Music

Why I love Rainbow

The rainbow I’m referring to is actually the band Rainbow, formed in 1975 by Ritchie Blackmore and the members of Elf, minus the guitarist of course. Blackmore was increasingly fed up and isolated in his then current band Deep Purple (of which he was a founder member). The funk and soul influences of David Coverdale and Glenn Hughes didn’t sit well with Blackmore’s much more straight ahead rock n’ roll approach. Although Burn had been positively received by the band and the public (and by me, that album is almost flawless), the follow up, Stormbringer, veered too far into funk rock and a more chilled out vibe than  Blackmore in particular was comfortable with. He even labelled the album ‘crap’ in an interview from the time.

Blackmore can also be, to put it politely, difficult to work with. He had had no difficulty in the past of firing people unceremoniously from Deep Purple before, being a major part of the decision to fire Rod Evans and Nick Simper from Deep Purple Mark I, and being the driving force behind Roger Glover’s departure from Mk II in 1973. Two years later, he would leave himself and really leave the remaining members of Deep Purple in the lurch. He’d already spent time in the studio with most of the members of the band Elf recording a demo of a cover of Black Sheep of the Family, a cover of a song by Quartermass, and the newly composed Sixteenth Century Greensleeves. Happy with the results of the demo, Blackmore decided to extend it from a single and B-side to a full album. The album was called Ritchie Blackmore’s Rainbow. And so what was originally supposed to be a solo single evolved into a new band. This was no equal partnership however. This was Blackmore’s band and he would run it the way he saw fit. And that was true from the off, as Blackmore fired everyone bar Dio after the first album was released. That lineup of Rainbow never played a live show.

For most Rainbow fans, including me, the first three albums with Ronnie James Dio on vocals are the best of their discography. They truly embody what Blackmore and Dio originally wanted to do with the band. Hard hitting rock with a classical twist to it. Add in Dio’s fantastical and mystical lyrics and the foundations of power metal are laid. Tracks like Stargazer, A Light in the Black, Gates of Babylon, Kill the King and Lady of the Lake demonstrate that blend perfectly. The instrumental passages showcase the talent of the band Blackmore assembled for those albums. Despite the ever changing lineup, the quality of the band’s output with Dio never wavered.

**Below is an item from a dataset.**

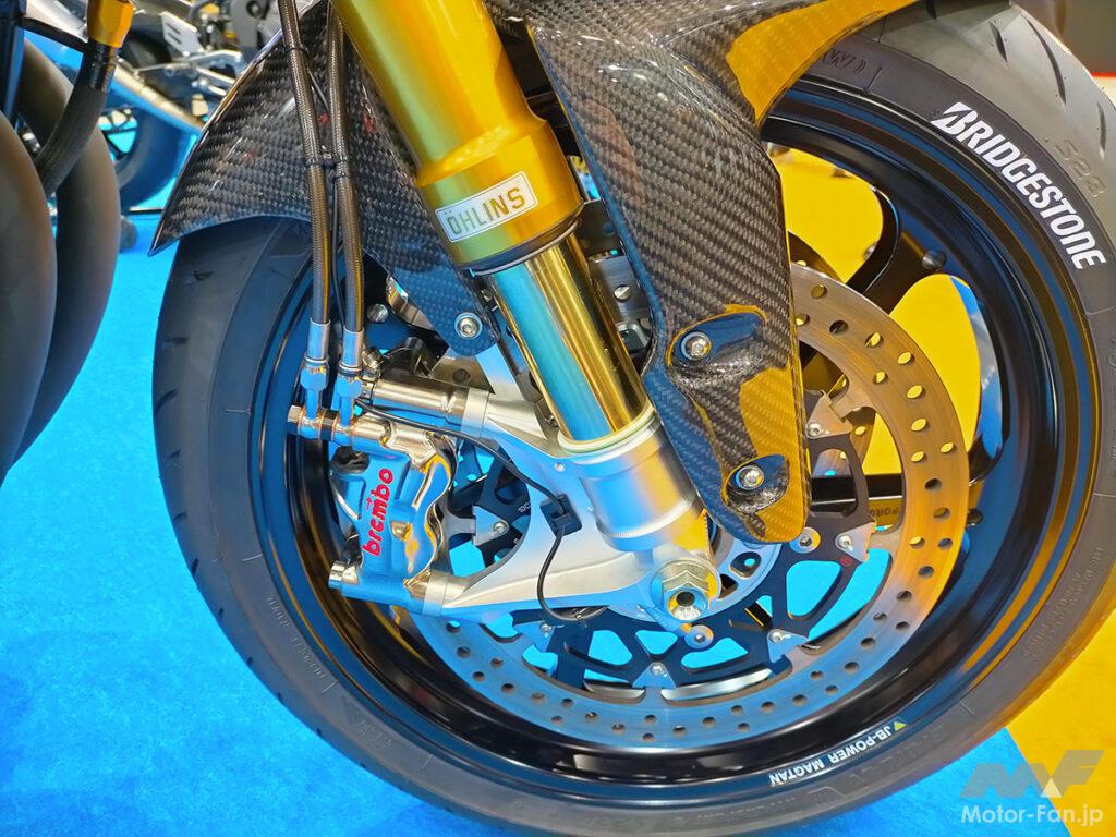 前後ホイールは世界初のマグネシウム鍛造という製法で生み出された超軽量で超高剛性を実現した「JB-POWER MAGTAN」を選択。前後タイヤはストリートユースからサーキット走行まで対応した、ハイグリップな「ブリヂストン バトラックス ハイパースポーツS23」。サイズはF120/70ZR、17R180/55ZR17をチョイス。

Down to Earth is a jarring album to listen to when listening to Rainbow albums back to back. I imagine it’s a bit like listening to Piper at the Gates of Dawn and Dark Side of the Moon back to back. It’s like listening to two completely different bands. The glaring difference from the off is Graham Bonnet on vocals. His style is completely different to Dio, much more R’n’B and commercial pop than heavy rock or metal. But that was the direction Blackmore had decided to go in. Down to Earth features much less extended instrumentals. The songs on the whole aren’t quite as memorable as those on earlier Rainbow records, but there are two stand out tracks. All Night Long and the brilliant SInce You Been Gone. I loved this song long before I ever got into Deep Purple or Rainbow or Ritchie Blackmore in general. The end solo is just superb and proves beyond doubt that Blackmore could restrain himself and play exactly what was needed for the song. Down to Earth doesn’t quite match up with Rainbow’s earlier releases but what it does it does extremely well.

Unfortunately, the rough point then hit as Blackmore continually changed musicians and recorded weaker and weaker songs. By the time he left to rejoin Deep Purple Mk II in 1984, Rainbow had become middle of the road and way too commercialised. Their material was one dimensional and stagnant. But when the right group of musicians were together and firing off each other, in the studio and on stage Rainbow was hard to beat.